- **Problem requirements**
Take the lines from the one with "Как и обещала" to the end of the listing, both ends included, and quote them exactly, leaving pictures out.

- **Input records**
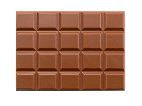 A realistic chocolate bar with segmented squares, isolated on a transparent background, perfect for packaging, food advertisements
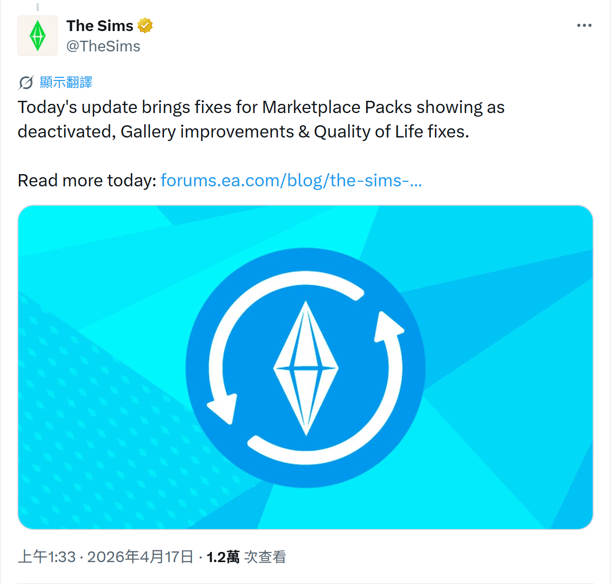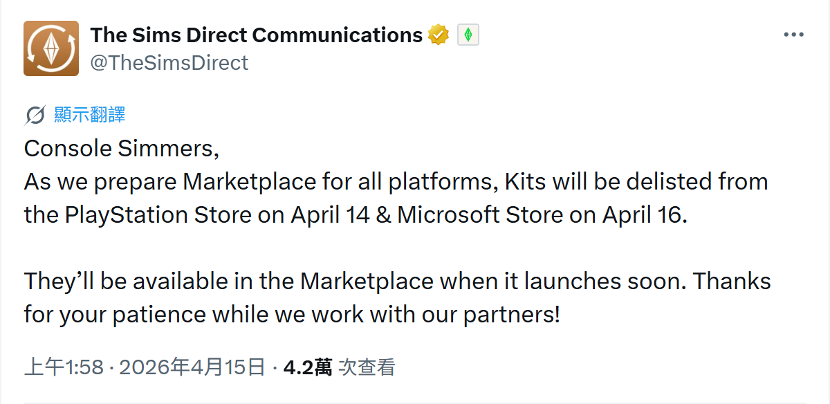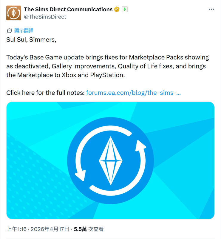 本次更新主要是讓主機補上前次 #1fkX7lqg (TheSims) 的 Marketplace 更新
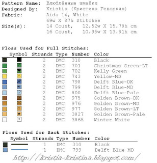 Как и обещала выкладываю ещё одну схему со змейками. На этот раз влюблённая парочка. :)
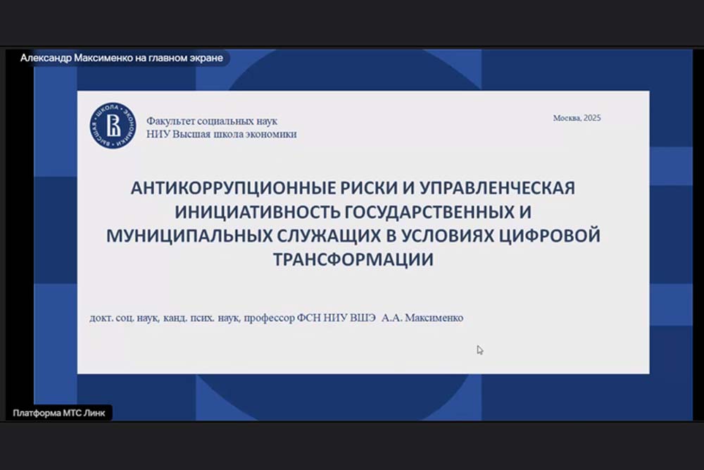 Главный научный сотрудник проектно-учебной лаборатории антикоррупционной политики Национального исследовательского университета «Высшая школа экономики», доктор социологических наук, кандидат психологических наук, доцент Александр Максименко выступил с докладом на тему «Антикоррупционные риски и управленческая инициативность государственных и муниципальных служащих в условиях цифровой трансформации». В своём выступлении он рассмотрел особенности мало изученного феномена коррупциофобии, в качестве одного из видов разновидности социофобии.
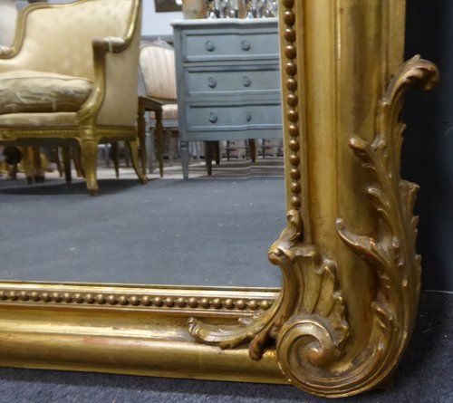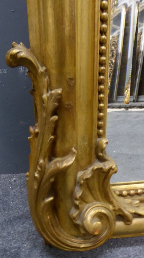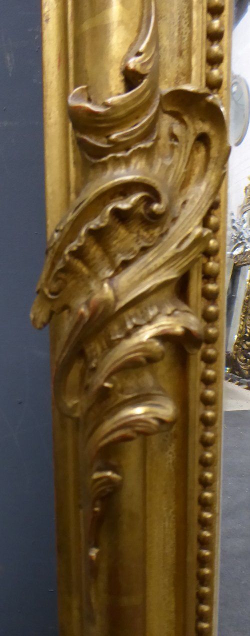 Ref 7748 - Antique French Mirror - Gilt on red camel crested Louis XV style antique mirror. Original bevelled glass with some small patinated areas. Original pine board back. Circa 1890.
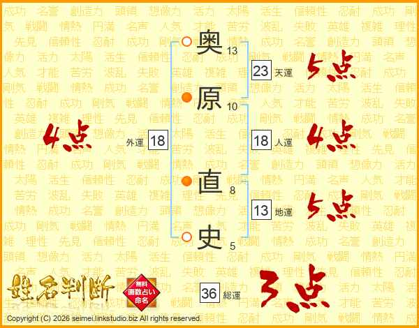 奥原直史さんの天運は23画の5点!
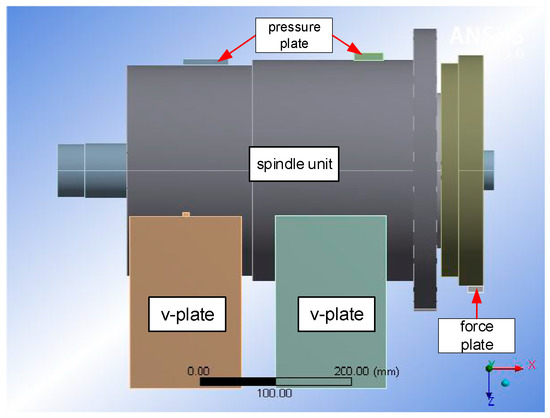 Since the internal spindle’s mode shape cannot be obtained in the modal test, a corresponding FE simulation model is established in ANSYS Workbench 15.0 to assist in verification. The spindle box model is imported into the model module, and the corresponding material properties are added. The bearings are usually simulated with four or more spring elements, but using the bushing element to simulate the bearing’s effect also achieves good simulation results and is simpler to set up. An FE model of the static stiffness measurement experiment is also established to further verify the reliability of the bushing element set up, as shown in Figure 14.
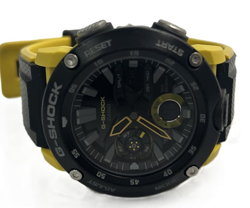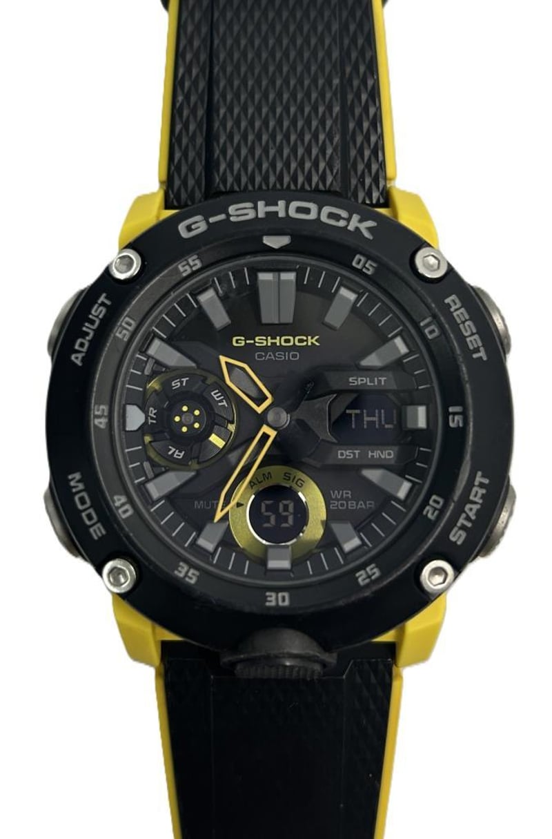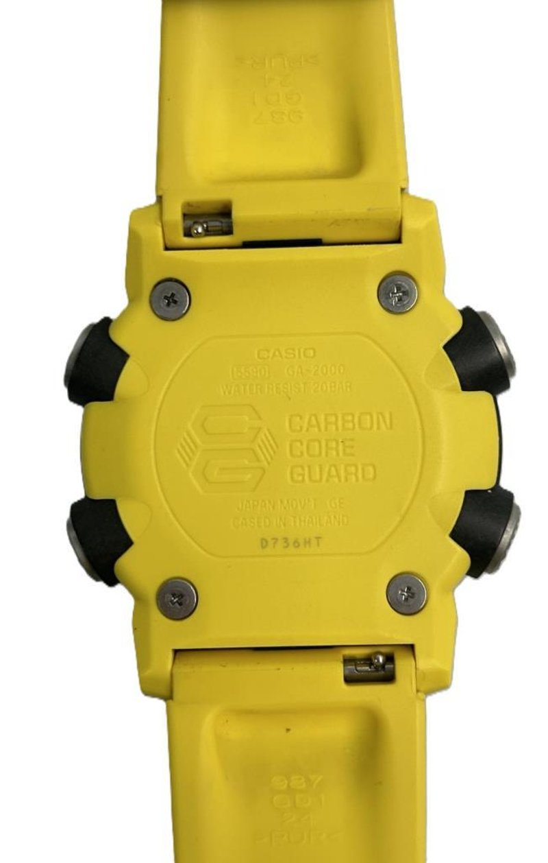 CASIO G-SHOCK CARBON CORE GUARD WATCH, MODEL GA-2000, BLACK AND YELLOW RESIN CASE WITH TEXTURED STRAP, BLACK DIAL WITH YELLOW ACCENTS AND DIGITAL DISPLAY, SHOCK RESISTANT, ANALOGUE-DIGITAL MOVEMENT, STOPWATCH, COUNTDOWN TIMER, WORLD TIME, ALARM, AND LED LIGHT, WATER RESISTANT TO 200M, CASE DIAMETER 46MM. EXCELLENT CONDITION WITH MINIMAL WEAR.Condition: Good - Refer To Images
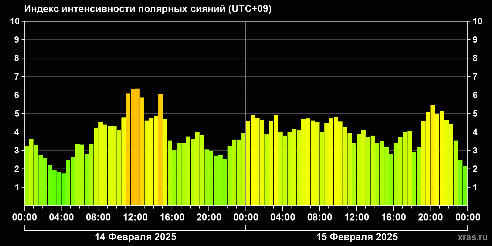 Изменения индекса интенсивности полярных сияний с 2025-02-14 по 2025-02-15 по местному времени

- **Answer to this exercise**
 Как и обещала выкладываю ещё одну схему со змейками. На этот раз влюблённая парочка. :)
 Главный научный сотрудник проектно-учебной лаборатории антикоррупционной политики Национального исследовательского университета «Высшая школа экономики», доктор социологических наук, кандидат психологических наук, доцент Александр Максименко выступил с докладом на тему «Антикоррупционные риски и управленческая инициативность государственных и муниципальных служащих в условиях цифровой трансформации». В своём выступлении он рассмотрел особенности мало изученного феномена коррупциофобии, в качестве одного из видов разновидности социофобии.
 Ref 7748 - Antique French Mirror - Gilt on red camel crested Louis XV style antique mirror. Original bevelled glass with some small patinated areas. Original pine board back. Circa 1890.
 奥原直史さんの天運は23画の5点!
 Since the internal spindle’s mode shape cannot be obtained in the modal test, a corresponding FE simulation model is established in ANSYS Workbench 15.0 to assist in verification. The spindle box model is imported into the model module, and the corresponding material properties are added. The bearings are usually simulated with four or more spring elements, but using the bushing element to simulate the bearing’s effect also achieves good simulation results and is simpler to set up. An FE model of the static stiffness measurement experiment is also established to further verify the reliability of the bushing element set up, as shown in Figure 14.
 CASIO G-SHOCK CARBON CORE GUARD WATCH, MODEL GA-2000, BLACK AND YELLOW RESIN CASE WITH TEXTURED STRAP, BLACK DIAL WITH YELLOW ACCENTS AND DIGITAL DISPLAY, SHOCK RESISTANT, ANALOGUE-DIGITAL MOVEMENT, STOPWATCH, COUNTDOWN TIMER, WORLD TIME, ALARM, AND LED LIGHT, WATER RESISTANT TO 200M, CASE DIAMETER 46MM. EXCELLENT CONDITION WITH MINIMAL WEAR.Condition: Good - Refer To Images
 Изменения индекса интенсивности полярных сияний с 2025-02-14 по 2025-02-15 по местному времени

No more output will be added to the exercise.